Personal details
- Born: 1945 Kırıkhan, Turkey
- Died: 17 October 2014 (aged 68–69)

Military service
- Allegiance: Turkey
- Branch/service: Turkish Army
- Rank: Colonel

= Arif Doğan =

Turkish Gendarmerie commander

Arif Doğan (born Kırıkhan, Hatay Province, 1945 – 17 October 2014) was a commander in the Turkish Gendarmerie, and said to be one of the founders of the Gendarmerie's JITEM intelligence unit. He was a defendant in the Ergenekon trials, and in August 2013 was sentenced to 47 years in prison. He has stated in court that he founded JITEM in the late 1980s on the orders of Gendarmerie Commander Gen. Burhanettin Bigalı, with the approval of the Chief of Staff (Necip Torumtay) and of the Interior Ministry, and transferred control to Veli Küçük in 1990. He had previously claimed to have founded JITEM on his own initiative, and to have "frozen" it in 1990.

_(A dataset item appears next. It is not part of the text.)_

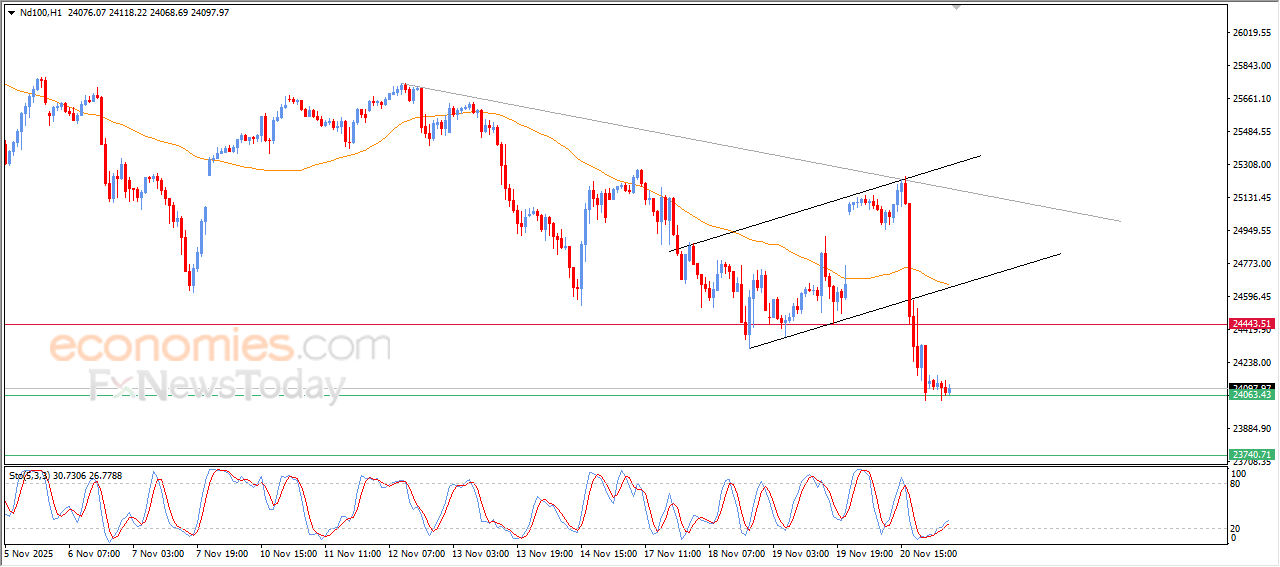 استقر مؤشر ناسداك 100 (Nasdaq 100) على انخفاض خلال تداولاته اللحظية الأخيرة، مستنداً إلى مستوى الدعم الحالي 24,060، في محاولة منه لتصريف تشبعه البيعي الواضح بمؤشرات القوة النسبية، خاصة مع توارد الإشارات الإيجابية منها، وهو ما أوقف بشكل مؤقت موجة خسائر حادة شهدها المؤشر بتحركاته السابقة، متأثراً بالضغط السلبي الناتج من تداولاته دون متوسطه المتحرك البسيط لفترة 50، مع تأثره بالخروج من نطاق قناة سعريه تصحيحية صاعدة على المدى القصير.

In 2010 a voice recording said to be of Doğan was anonymously posted online, in which Doğan said he had ordered the deaths of Eşref Bitlis and Cem Ersever, referring to the death of Bitlis (in a suspicious plane crash) as an "assassination". JITEM informant Abdülkadir Aygan said that this was true. Doğan said that the voice in the recording was his, but said the recordings had been spliced to incriminate him.

On 17 January 2011 Doğan, while testifying in court in the Ergenekon case, declared that he set up Kurdish Hizbollah as a contra group to fight and kill militants of the Kurdistan Workers' Party (PKK). The organization was originally to be called Hizbul-Kontr ("Party of the Contras").